Notwithstanding what the prime minister outlined as the objectives of demonetisation, repercussions of the policy have already been visible. GDP growth in the second quarter of the financial year has been recorded at 7.3 per cent against 7.6 per cent during the corresponding quarter in the previous financial year.

Moreover, this is an agriculture led growth figure. Ratings have already lowered GDP growth forecast for this fiscal to 6.9 per cent from 7.4 per cent citing demonetization as a prominent reason. Demonetization has also had its impact on investors’ confidence on our currency which was one of the reasons why Rupee has crossed the psychological barrier of 68 against US dollar.

Though exact figures are not available, 70 people have reportedly died due to causes directly or indirectly related to demonetization. They include bank employees also. Farmers were happy that they had a good monsoon this year but the demonetization effect had reduced them to paupers. Neither they are able to buy seeds and fertilizer for the rabi crops nor finding market to sell their kharif produce. By denying the cooperative banks to exchange and deposit old currencies, the government made the lives of the farmers and the rural poor miserable.

Tourism sector, including medical tourism, has been badly hit due to the sudden withdrawal of currencies and it will have its repercussions in the GDP figure.
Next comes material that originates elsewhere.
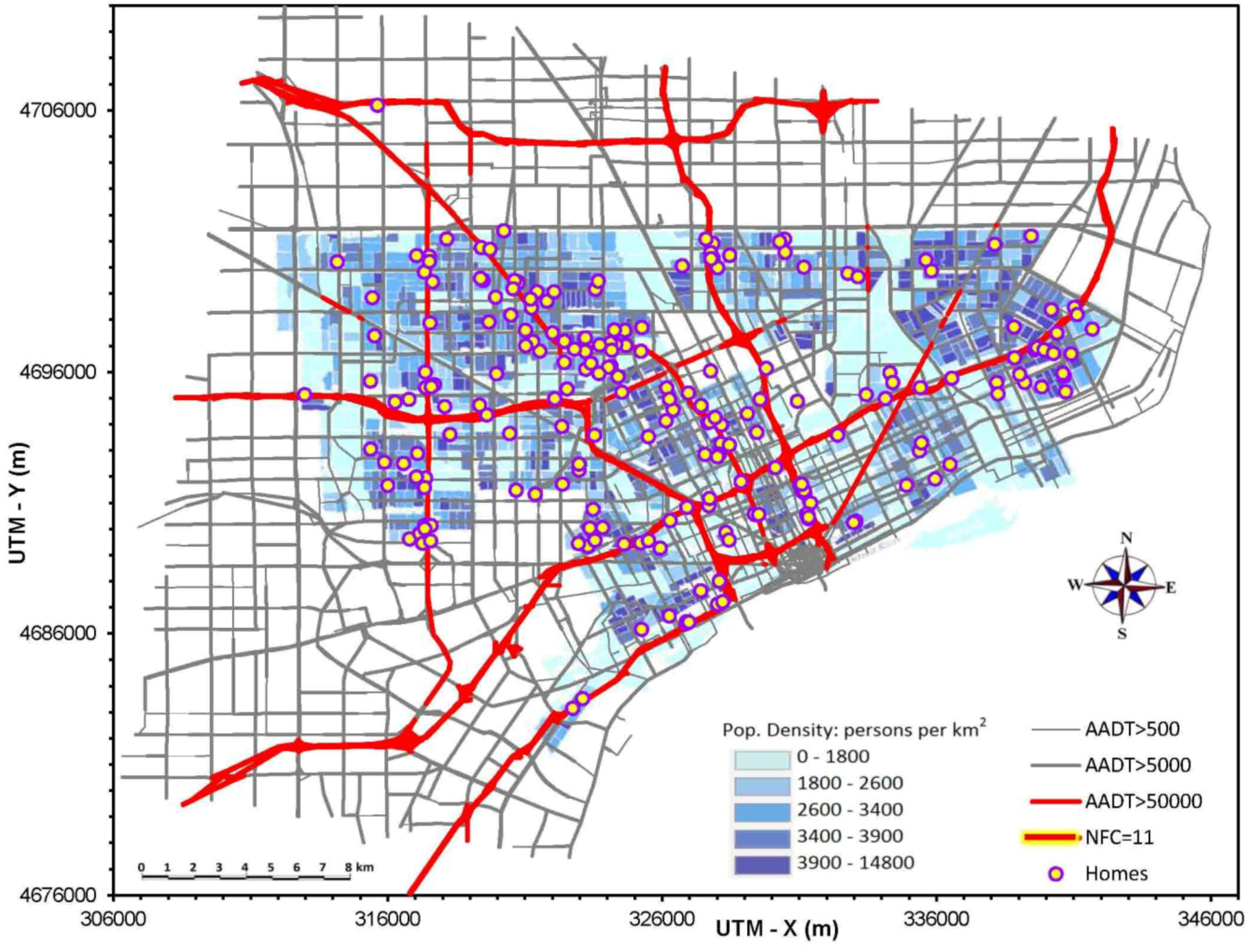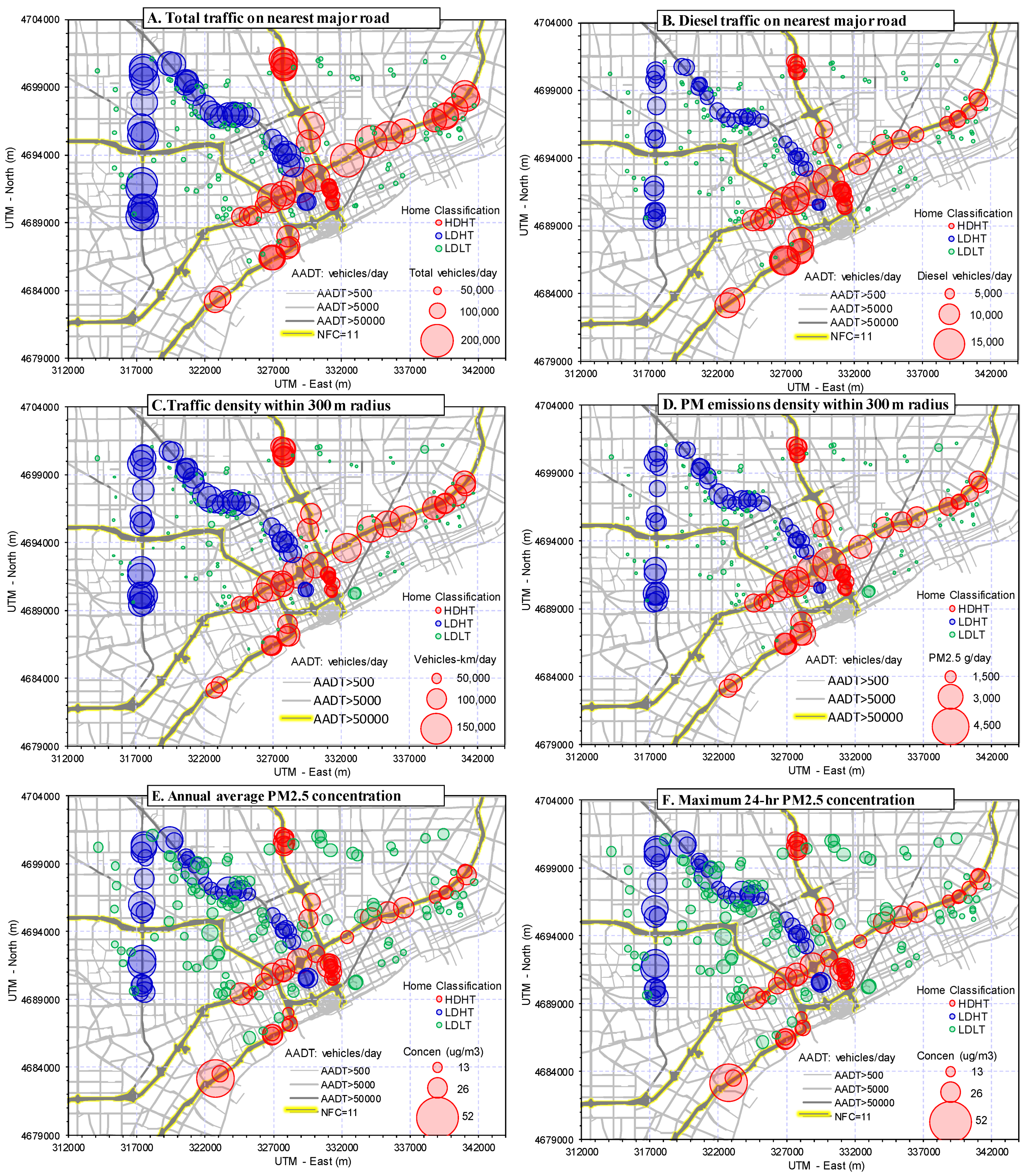 | 2. Total traffic volume on nearby roads | AADT roads within 200 m of homes, using nearest road edge and GPS home location. | Relatively simple to construct. Reasonably good volume estimates on major roads. Can select period of day, e.g., rush-hour. | Traffic volume estimates needed. Distance criterion used to determine road is arbitrary. Does not provide metric for low traffic groups. | HDHT and LDHT groups largely indistinguishable. HDHT group had considerable range. |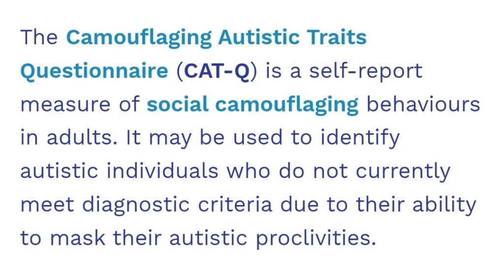 Camouflaging Autistic Traits Questionnaire (CAT-Q) https://embrace-autism.com/cat-q/

Foreign tourists are taking to street performances to deal with the currency crisis.

The poor, the marginalized, daily wagers, farmers, migrant workers and the tribals who are outside the formal banking sector are the hardest hit. Rural economy is the worst victim of demonetization and it will have serious impact on the formal economy because the informal sector accounts for 20 per cent of gross domestic product and 80 per cent of employment. Job loss in the unorganized sector will adversely affect the rural economy which will further affect the formal economy due to impact on consumption and savings.

Certainly, things could have been planned better. The decision was taken without proper application of mind and without taking into consideration that Indian economy is a cash economy where 98 per cent of all transactions are conducted in cash and 2/3 rd of the total population do not have bank accounts and 96 per cent of people do not have plastic cards. These figures were simply ignored while taking the decision.

And, the consequence is people are dying in queues and soldiers are dying on border.